The heat treated samples from Example 1 were subjected to thermal cycling. The ATI 718Plus® alloy samples were cycled from ambient temperature to either 1650° F.). (898.9° or 1550° F. (843.3° C.). The Alloy 718 samples were cycled from ambient temperature to 1650° F.). (898.9°. FIG. 7 is a schematic representation of the thermal cycles used, wherein the indicated temperatures are of the alloy samples, rather than the furnace temperature. The top plot included in FIG. 7 reflects a slower alloy cooling rate (about 10° F./min (5.6° C./min)) and represents the general behavior of thicker samples. The bottom plot reflects a faster cooling rate (about 1500° F./min (833° C./min)) and represents the general behavior of thinner samples. The cooling rates depicted in FIG. 7 are estimated, but the peak temperatures and hold times in FIG. 7 accurately represent what the alloys experienced.

Example 3

After exposure to thermal cycling, the samples were tensile tested at room temperature according to standard test procedures described in ASTM E8-09/E8M-09. Plots of ultimate tensile strengths of as-heat treated samples and after 1 and 5 thermal cycles are provided in FIG. 8. The plots on the left side of FIG. 8 show ultimate tensile strengths as a function of the number of thermal treatment cycles for ATI 718Plus® alloy samples that was cooled at the slower cooling rate discussed in Example 2. The plots on the right side of FIG. 8 show ultimate tensile strengths as a function of the number of thermal treatment cycles for ATI 718Plus® alloy that was cooled at the faster cooling rate discussed in Example 2. The top row of plots in FIG. 8 are for ATI 718Plus® alloy that was heat treated according to embodiments of the present disclosure as described in Example 1, thermally cycled to a peak sample temperature of 1650° F. (898.9° C.). The bottom row of plots in FIG. 8 are for ATI 718Plus® alloy that was heat treated according to embodiments of the present disclosure as described in Example 1, thermally cycled to a peak sample temperature of 1550° F. (843.3° C.).
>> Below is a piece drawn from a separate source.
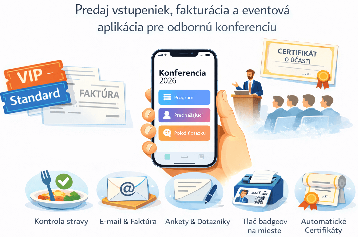 Predaj vstupeniek, fakturácia a eventová aplikácia pre odbornú konferenciu

Examination of FIG. 8 shows that the inventive δ-phase aging treatments may provide lower initial strengths than conventional γ′/γ″ aging treatments, but there is significantly less variability of ultimate tensile strengths during thermal cycling. This is more evident in FIG. 9, which displays the data of FIG. 8 but wherein the y-axis represents the ratio of ultimate tensile strength after the sample was subjected to thermal cycling to the ultimate tensile strength in the as-heat treated condition. FIG. 9 clearly shows that the δ-phase heat treatment embodiment according to the present disclosure produced an alloy exhibiting a significantly more stable ultimate tensile strength after thermal cycling for at least 5 thermal cycles.
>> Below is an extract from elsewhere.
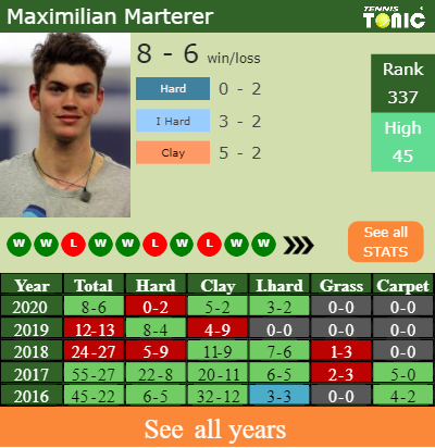 The Austrian has a 12-9 win-loss record in 2020, 0-0 on clay (See FULL STATS).

FIG. 10 includes plots of yield strengths for the samples included in FIG. 8. The plots of FIG. 10 are in the same orientations as in FIG. 8 with regard to cooling rates and peak sample temperatures. Considering what is shown in FIG. 10, it will be seen that the inventive δ-phase aging treatments may provide lower initial yield strengths than conventional γ′/γ″ aging treatments, but with significantly less variability of yield strengths for the δ-phase heat treated alloys during thermal cycling. This is more evident in FIG. 11, which displays the data of FIG. 10 but wherein the y-axis represents the ratio of yield strength after the sample was subjected to thermal cycling to the yield strength in the as-heat treated condition. FIG. 11 clearly shows that the δ-phase heat treatment embodiment according to the present disclosure produced an alloy exhibiting significantly more stable yield strength after thermal cycling for at least 5 thermal cycles.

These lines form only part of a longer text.